(EXERCISE DATA begins)

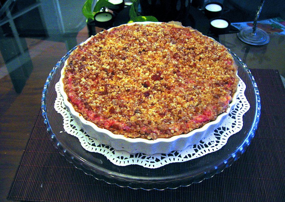 I told him I would try better and I will come up with a raw version of the apple-cranberry streusel tart we sold at our store. He was very enthusiastic and he just finished his first piece. I
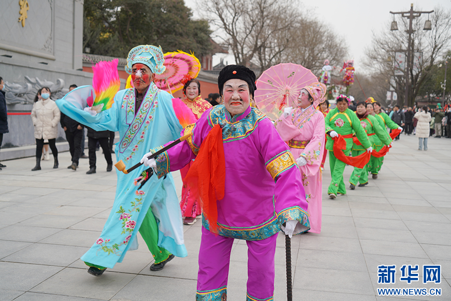 2月19日,在西安市臨潼區(qū)大唐華清城廣場(chǎng),“扭秧歌”表演。王三合攝
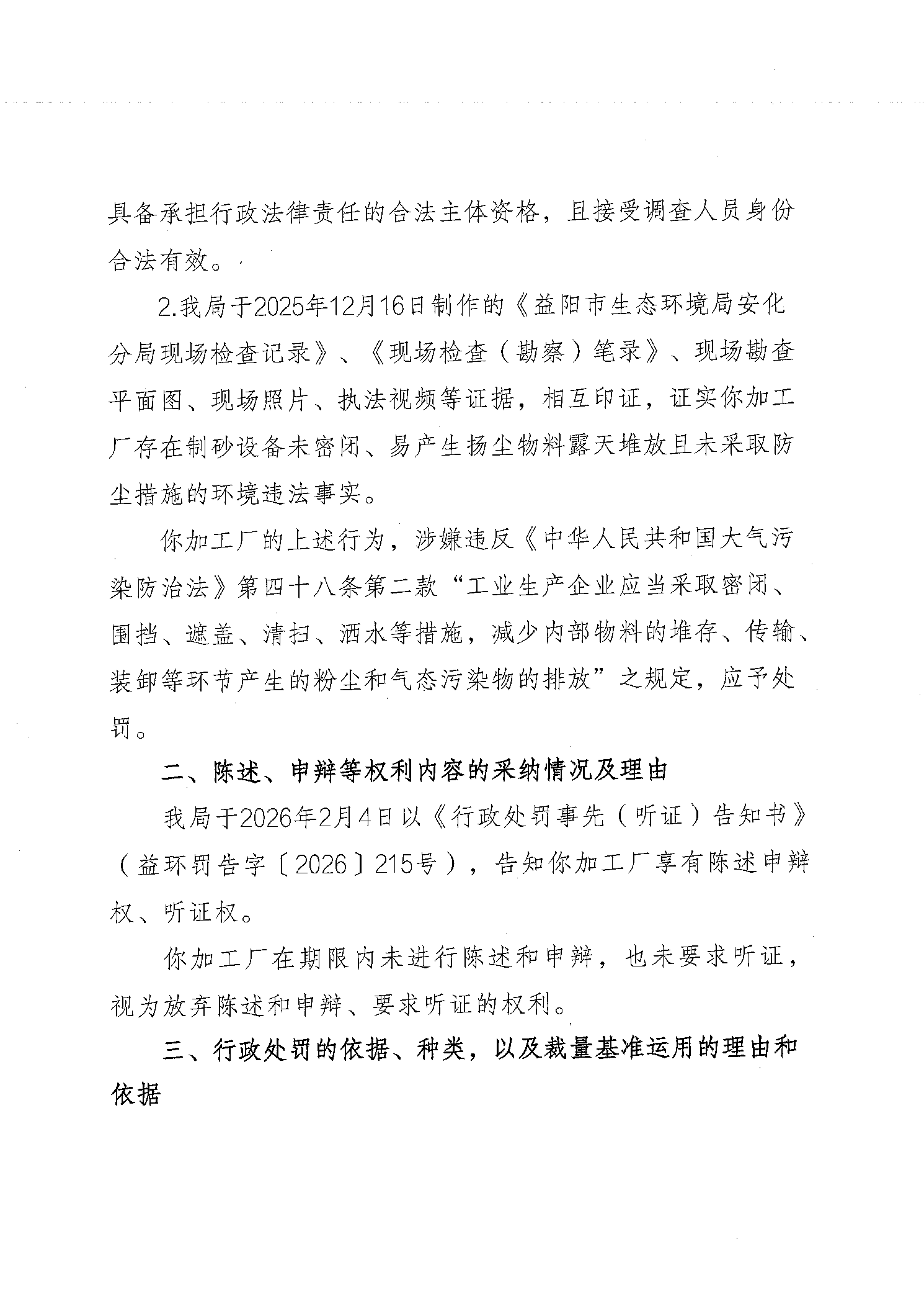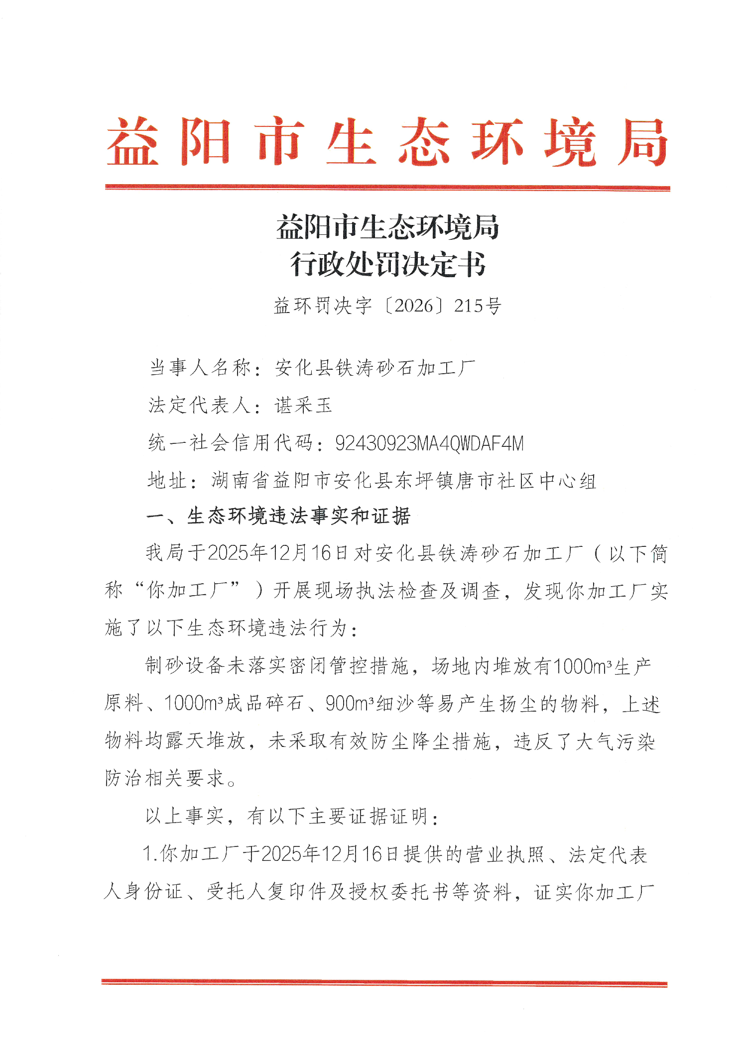 行政处罚决定书 益环罚决字〔2026〕215号 铁涛砂石
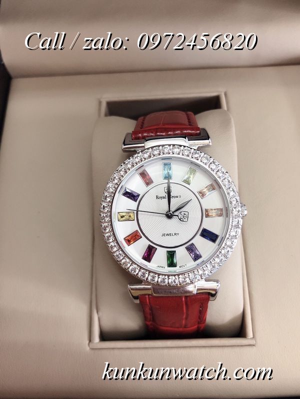 Đồng Hồ Nữ Royal Crown 4606 - Dây Da Đỏ - 36mm
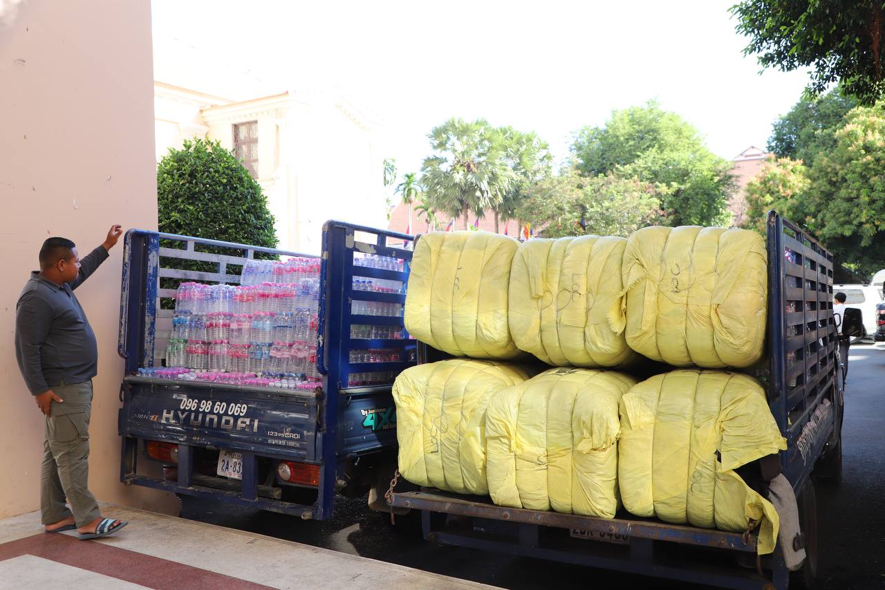 (ភ្នំពេញ)៖ លោក ឃួង ស្រេង អភិបាលរាជធានីភ្នំពេញ រួមជាមួយអភិបាលរងជាច្រើនរូបទៀត នាថ្ងៃទី២៤ ខែធ្នូ ឆ្នាំ២០២៥នេះ បានបន្តទទួលអំណោយជាថវិកា អង្ករ គ្រឿងឧបភោគ បរិភោគ និងសម្ភារប្រើប្រាស់ចាំបាច់ជាច្រើន ពីរដ្ឋបាលខណ្ឌ គណៈកម្មការផ្សារ ក្រុមហ៊ុនឯកជន និងសប្បុរសជន ប្រជាពលរដ្ឋ នៅរាជធានីភ្នំពេញ ដើម្បីយកទៅចែកជូនដល់វីរៈកងទ័ពជួរមុខ និងជនភៀសសឹក ខណៈក្រុមទាហានថៃ នៅតែបន្តបាញ់ចូលឈ្លានពានលើបូរណភាពទឹកដីកម្ពុជាយ៉ាងគឃ្លើន។

(EXERCISE DATA ends)

▶ _EXERCISE AIM_
Return every entry above exactly as written, with no pictures included.

▶ _SOLVED EXERCISE_
 I told him I would try better and I will come up with a raw version of the apple-cranberry streusel tart we sold at our store. He was very enthusiastic and he just finished his first piece. I
 2月19日,在西安市臨潼區(qū)大唐華清城廣場(chǎng),“扭秧歌”表演。王三合攝
 行政处罚决定书 益环罚决字〔2026〕215号 铁涛砂石
 Đồng Hồ Nữ Royal Crown 4606 - Dây Da Đỏ - 36mm
 (ភ្នំពេញ)៖ លោក ឃួង ស្រេង អភិបាលរាជធានីភ្នំពេញ រួមជាមួយអភិបាលរងជាច្រើនរូបទៀត នាថ្ងៃទី២៤ ខែធ្នូ ឆ្នាំ២០២៥នេះ បានបន្តទទួលអំណោយជាថវិកា អង្ករ គ្រឿងឧបភោគ បរិភោគ និងសម្ភារប្រើប្រាស់ចាំបាច់ជាច្រើន ពីរដ្ឋបាលខណ្ឌ គណៈកម្មការផ្សារ ក្រុមហ៊ុនឯកជន និងសប្បុរសជន ប្រជាពលរដ្ឋ នៅរាជធានីភ្នំពេញ ដើម្បីយកទៅចែកជូនដល់វីរៈកងទ័ពជួរមុខ និងជនភៀសសឹក ខណៈក្រុមទាហានថៃ នៅតែបន្តបាញ់ចូលឈ្លានពានលើបូរណភាពទឹកដីកម្ពុជាយ៉ាងគឃ្លើន។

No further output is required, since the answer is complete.